1. RandomForestClassifier - 65%
2. XGBClassifier - 67%

In [39]:
from sklearn import *
from sklearn.ensemble import RandomForestClassifier
import xgboost as xgb
from xgboost import XGBClassifier

col = ['AUD','CAD','CHF','DKK','EUR','GBP','HKD','JPY','MXN','NOK','NZD','SEK','SGD','USD','backers','usd_pledged_real','usd_goal_real','time_campaign']
X_train, X_test, y_train, y_test = model_selection.train_test_split(df_ks[col].fillna(-1), df_ks[['canceled','failed','successful']], random_state=1, stratify=df_ks[['canceled','failed','successful']], 
                                                    test_size=0.25)
#Normalizing the features 
import math
from sklearn.preprocessing import StandardScaler 
sc_X = StandardScaler() 
X_train = sc_X.fit_transform(X_train) 
X_test = sc_X.transform(X_test)

In [36]:
#model = multiclass.OneVsRestClassifier(ensemble.RandomForestClassifier(max_depth = 7, n_estimators=1000, random_state=33))
#model = multiclass.OneVsRestClassifier(ensemble.ExtraTreesClassifier(n_jobs=-1, n_estimators=100, random_state=33))
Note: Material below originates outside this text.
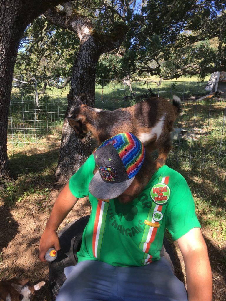 Nigerian Dwarf Goats are small, nimble, and quick. They love jumping up onto high places and people’s shoulders make for a convenient high point.

param_dist = {'objective': 'binary:logistic', 'max_depth': 1, 'n_estimators':1000, 'num_round':1000, 'eval_metric': 'logloss'}
model = multiclass.OneVsRestClassifier(xgb.XGBClassifier(**param_dist))
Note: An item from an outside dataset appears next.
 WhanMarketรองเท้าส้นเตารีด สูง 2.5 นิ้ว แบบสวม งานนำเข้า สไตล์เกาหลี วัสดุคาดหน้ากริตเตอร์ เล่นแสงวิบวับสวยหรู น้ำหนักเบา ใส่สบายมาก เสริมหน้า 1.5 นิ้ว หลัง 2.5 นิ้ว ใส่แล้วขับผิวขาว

model.fit(X_train, y_train)

OneVsRestClassifier(estimator=XGBClassifier(base_score=0.5, booster='gbtree', colsample_bylevel=1,
       colsample_bytree=1, eval_metric='logloss', gamma=0,
       learning_rate=0.1, max_delta_step=0, max_depth=1,
       min_child_weight=1, missing=None, n_estimators=1000, n_jobs=1,
       nthread=None, num_round=1000, objective='binary:logistic',
       random_state=0, reg_alpha=0, reg_lambda=1, scale_pos_weight=1,
       seed=None, silent=True, subsample=1),
          n_jobs=1)

In [37]:
import math
import pickle
# save the model to disk
filename = 'XGBClassifier.sav'
pickle.dump(model, open(filename, 'wb'))

In [38]:
# some time later...
 
# load the model from disk
loaded_model = pickle.load(open(filename, 'rb'))
print('Accuracy:',(math.exp(-metrics.log_loss(y_test, loaded_model.predict_proba(X_test)))))

Accuracy: 0.6700048466191929